8. The apparatus for methylation of circulating cell-free nucleosome active regions according to claim 7, wherein the nucleosome active region screening module is further configured to test between a healthy person and a plasma sample to be tested using the kolmogorov-smirnov test method to obtainpThe value is lower than the interval of the preset threshold value, and then the nucleosome active region is obtained.

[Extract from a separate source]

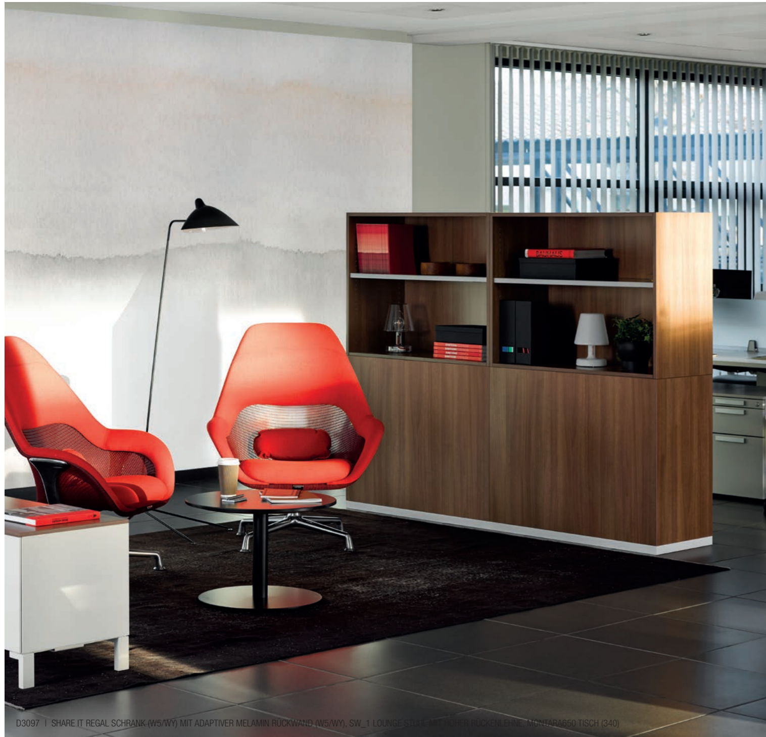
D3097 | SHARE IT REGAL SCHRANK (W5/WY) MIT ADAPTIVER MELAMIN RÜCKWAND (W5/WY), SW_1 LOUNGE STUHL MIT RICHTER RÜCKLEHNE, MONTARA650 TISCH (340)

9. A terminal device comprising a memory, a processor and a computer program stored in said memory and executable on said processor, characterized in that said processor when running said computer program implements the steps of the method for methylation analysis of circulating cell-free nucleosome active regions according to any of claims 1-6.

10. A computer-readable storage medium, in which a computer program is stored which, when being executed by a processor, carries out the steps of the method for methylation analysis of circulating cell-free nucleosome active regions according to any one of claims 1 to 6.